MPLS L3 VPN Walkthrough
Let me go over a basic MPLS L3 VPN using the topology below.
Here AS 2345 makes up the network that will provide the MPLS L3 VPN service to AS 6 and AS 78.
Building a MPLS L3 VPN service requires a couple of technologies for label exchange:
- MPLS – LDP
- BGP – VPNv4
For both LDP and BGP we need reachability of the loopback interfaces of the routers in AS 2345. I will go over the reason for this in a bit.
LDP
LDP (Label Distribution Protocol) is the protocol in charge of providing a transit label. It does so by having each router allocate a label for any IGP prefix it knows about and advertise those IP and label bindings to its neighbors.
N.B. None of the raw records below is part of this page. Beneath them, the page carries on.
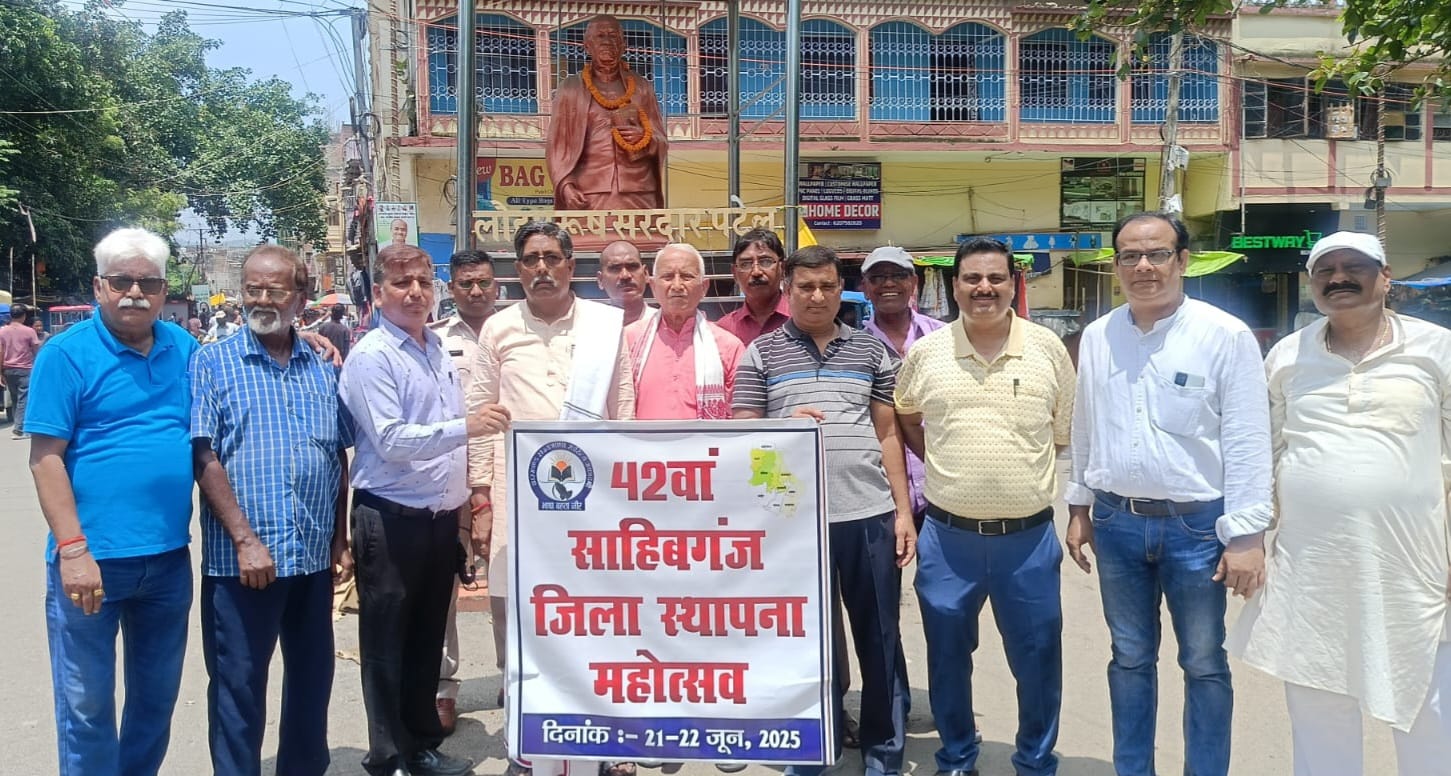 झारखंड राजभाषा साहित्य अकादमी एवं मनोरंजन भोजपुरी साहित्य परिषद के तत्वावधान में पहली बार मनाए जा रहे 42वां साहिबगंज ज़िला स्थापना दिवस का दो दिवसीय कार्यक्रम शनिवार को शहर के विभिन्न स्थानों पर स्थापित महापुरुषों की प्रतिमा पर माल्यार्पण के साथ शुरू हुआ। इसकी शुरुआत बघवा कुंआ स्थित भूतपूर्व सैनिक संघ के जिला अध्यक्ष तेज नारायण राय के नेतृत्व में शहीदों को माल्यार्पण के साथ हुई। इसके उपरांत महात्मा गांधी, स्वामी विवेकानंद, डॉ भीमराव अंबेडकर, सरदार पटेल, वीर कुंवर सिंह, सिदो-कान्हू, भगत सिंह, सुभाष चंद्र बोस व अन्य महापुरुषों की प्रतिमा पर माल्यार्पण किया गया। वहीं सिदो-कान्हू स्टेडियम में साहिबगंज, प्रकृति पर्यावरण और पर्यटन विषय पर विचार गोष्ठी हुई। मौके पर आयोजन समिति संयोजक डॉ सचिदानंद, चैंबर अध्यक्ष राजेश अग्रवाल, कालिदास पाठक, अनवर अली, संतोष सिंह, जाहिद खान, अनूप लाल हरि, विभूति पांडेय सहित दर्जनों लोग मौजूद थे।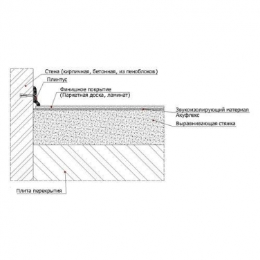Звукоизоляция под финишное напольное покрытие с применением Акуфлекс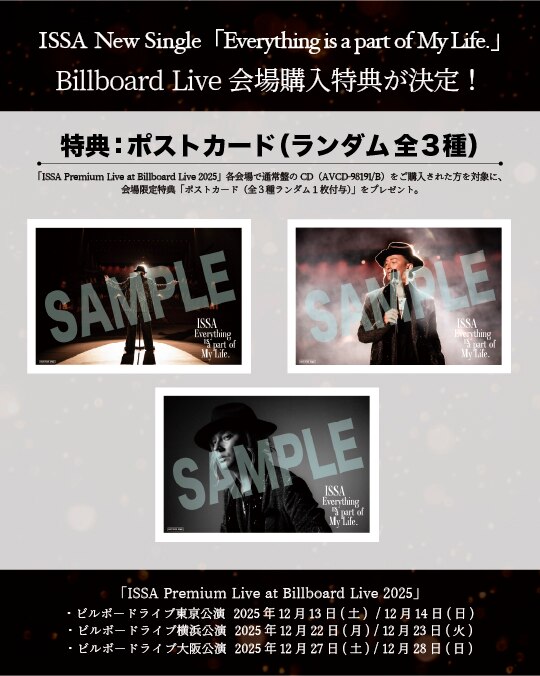 「ISSA Premium Live at Billboard Live 2025」各会場で対象商品をご購入された方を対象に、会場限定特典「ポストカード(全3種ランダム1枚付与)」をプレゼント。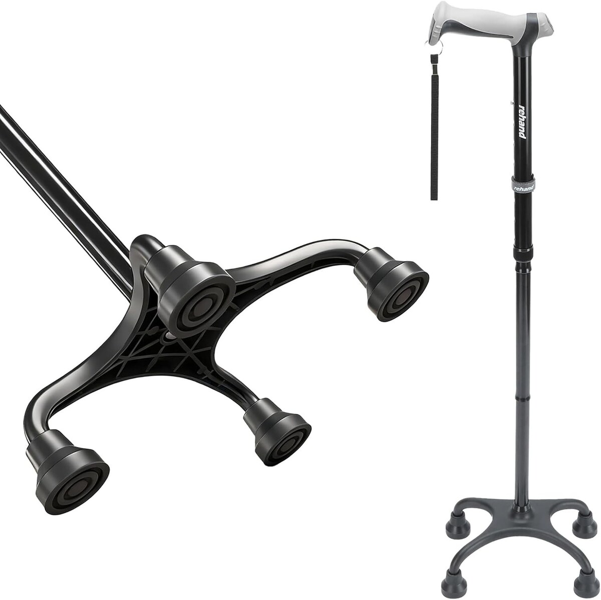 Natural Black Adjustable Quad Cane - Superior Support with Ergonomic Handle

Let’s have a look at an example of this between R1 and R2.
! R1 config: interface Loopback0 ip address 1.1.1.1 255.255.255.255 ip ospf 1 area 0 ! interface GigabitEthernet1.12 encapsulation dot1Q 12 ip address 10.0.12.1 255.255.255.0 ip ospf network point-to-point ip ospf 1 area 0 mpls ip R1#
The configuration of R2 is very similar to that of R1 so I will not provide it to save space and avoid clutter.
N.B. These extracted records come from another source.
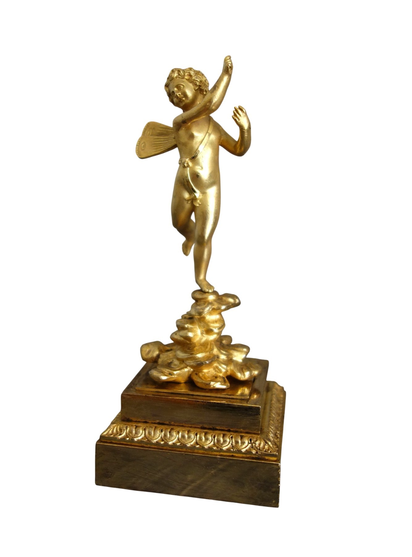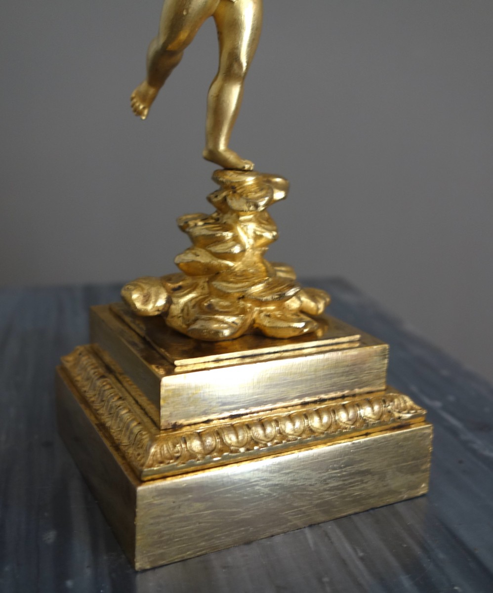 Statuette of Zephyr, god of the wind, in mercury-gilt bronze on a richly decorated base adorned with water-leaf motifs. Empire or Restoration period, early 19th century.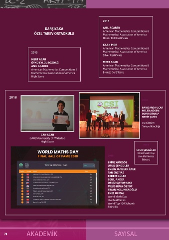 Mathematical Association of America                Bronze Certificate                                                                                       Türkiye Birincisi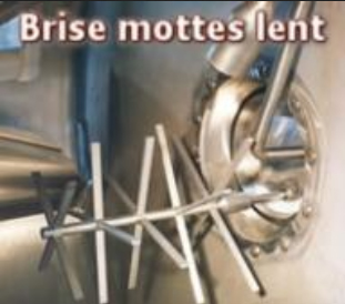 Trouver un outil pour briser les mottes en production. Agréé contact alimentaire Facilement nettoyage (pas de soudure où la poudre pourrait restée incrustée) Accrochable et léger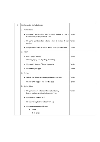 Membantu menguruskan perkhemahan selama 2 hari 1 Tarikh: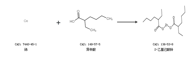 1.通过铈和异辛酸合成2-乙基己酸锌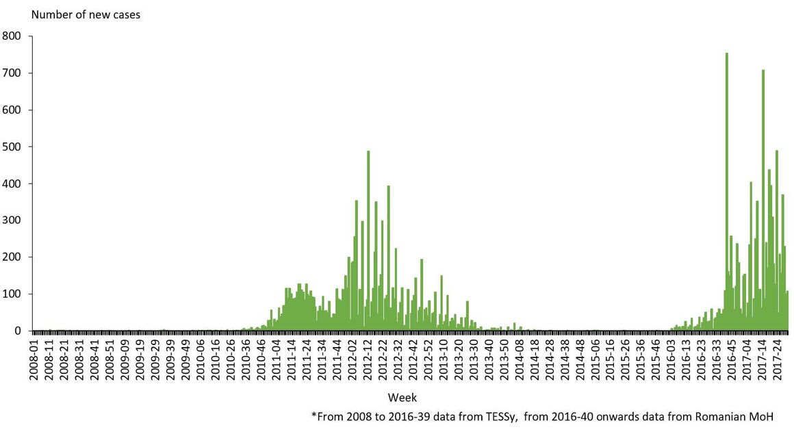 Romania has reported 108 cases since 4 August 2017. Since 1 January 2016 and as of 4 August 2017, Romania reported 8 455 cases, including 32 deaths. Of these, 1 969 cases were reported during 2016, and 6 486 cases were reported in 2017.
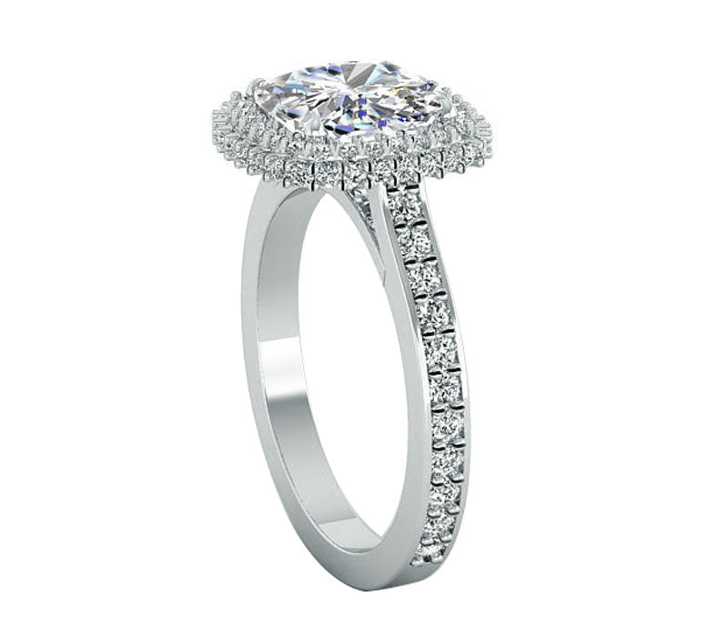 This elegant engagement ring features a halo with a double row of diamonds surrounding the round brilliant center diamond. The shank is detailed with beautifully diamonds flowing down each side. Can be made with different Diamond Shape.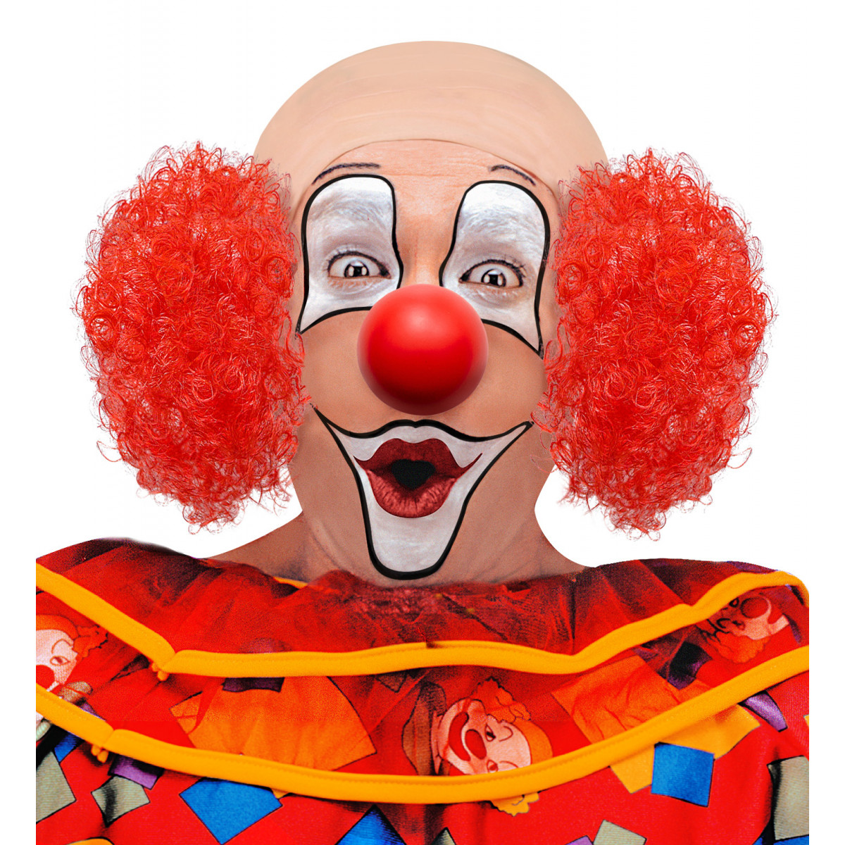 Lasulja za klovna s čelom se odlično poda k prevelikim hlačam in belim napudranim obrazom. Za pust in rojstnodnevne zabave v unikatnem klovnovskem kostum si na glavo nadenite lasuljo za klovna s čelom in poskrbite za nepozabno zabavo. Skodrana klovnovska lasulja je na voljo s pisanimi ali rdečimi kodri.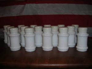 WHITE MILK GLASS SPICE JARS SHAKERS~SET OF 16~     Completed    $10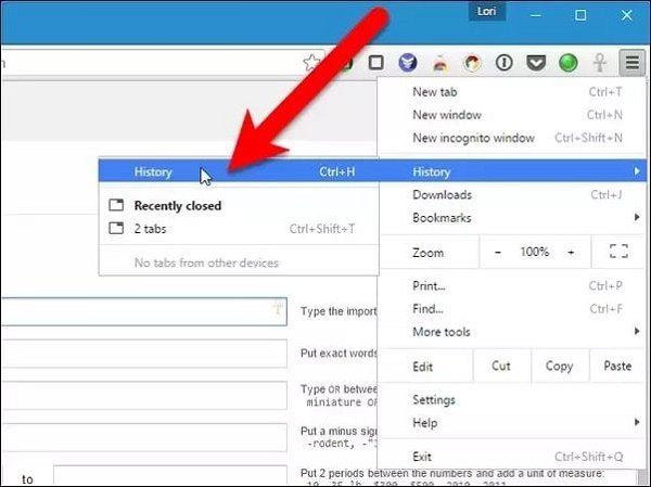 برای باز کردن دوباره زبانههای قبلی در گوگل کروم لازم نیست که تمام تاریخچه آنرا جستجو کنید. برای این کار دکمههای Ctrl + H را بگیرید تا History کروم باز شود. اگر بهطور اتفاقی زبانههای کروم را بستید یا اینکه بر اثر وجود یک باگ چنین اتفاقی رخ داد، تاریخچه کروم گزینهای را با عنوان ‘Reopen Closed Tabs’ در اختیارتان میگذارد تا بهسادگی آنها را دوباره باز کنید.

Time for verification. We will look at it from R2’s perspective:
! R2 LDP verification: R2#sh mpls ldp neighbor Peer LDP Ident: 1.1.1.1:0; Local LDP Ident 2.2.2.2:0 TCP connection: 1.1.1.1.646 - 2.2.2.2.38200 State: Oper; Msgs sent/rcvd: 426/427; Downstream Up time: 06:02:37 LDP discovery sources: GigabitEthernet1.12, Src IP addr: 10.0.12.1 Addresses bound to peer LDP Ident: 10.0.12.1 10.0.13.1 10.0.14.1 10.0.15.1 1.1.1.1 R2#
We have a lot of interesting information here. First of all what you always must look for in this output is the Peer LDP Ident. This is the LDP router-id of the neighbor. By default this router-id is also used to establish the TCP session between the routers. This is one of the reasons why I wrote earlier that the loopback must be reachable.
Next very important thing to verify is the State. A state of Oper (Operational) means that everything is good.
Lastly the Addresses bound to peer LDP Ident section is very important. I will touch on this a bit later.
So far so good. Now let’s see which labels we have generated and received on R2.
! R2 Label bindings: R2#sh mpls ldp bindings lib entry: 1.1.1.1/32, rev 12 local binding: label: 19 remote binding: lsr: 1.1.1.1:0, label: imp-null lib entry: 2.2.2.0/24, rev 20 local binding: label: imp-null lib entry: 2.2.2.2/32, rev 21(no route) no local binding remote binding: lsr: 1.1.1.1:0, label: 19 lib entry: 3.3.3.3/32, rev 10 local binding: label: 18 remote binding: lsr: 1.1.1.1:0, label: 18 lib entry: 4.4.4.4/32, rev 8 local binding: label: 17 remote binding: lsr: 1.1.1.1:0, label: 17 lib entry: 5.5.5.5/32, rev 6 local binding: label: 16 remote binding: lsr: 1.1.1.1:0, label: 16 lib entry: 10.0.12.0/24, rev 2 local binding: label: imp-null remote binding: lsr: 1.1.1.1:0, label: imp-null lib entry: 10.0.13.0/24, rev 18 local binding: label: 22 remote binding: lsr: 1.1.1.1:0, label: imp-null lib entry: 10.0.14.0/24, rev 16 local binding: label: 21 remote binding: lsr: 1.1.1.1:0, label: imp-null lib entry: 10.0.15.0/24, rev 14 local binding: label: 20 remote binding: lsr: 1.1.1.1:0, label: imp-null R2#
A lot of labels have been received for this small 5 router network! This is because every router generates labels for _ALL_ IGP prefixes. Even the once it just received labels for from its direct neighbor! This is why we for 1.1.1.1/32 see a local binding with label 19. This is somewhat analogous to how Distance Vector routing protocols. Unlike Distance Vector protocols LDP does not have split horizon, mening that R2 will advertise the binding for 1.1.1.1/32 right back at R1! You’ll see this below when looking a the binding on R1 for 1.1.1.1/32.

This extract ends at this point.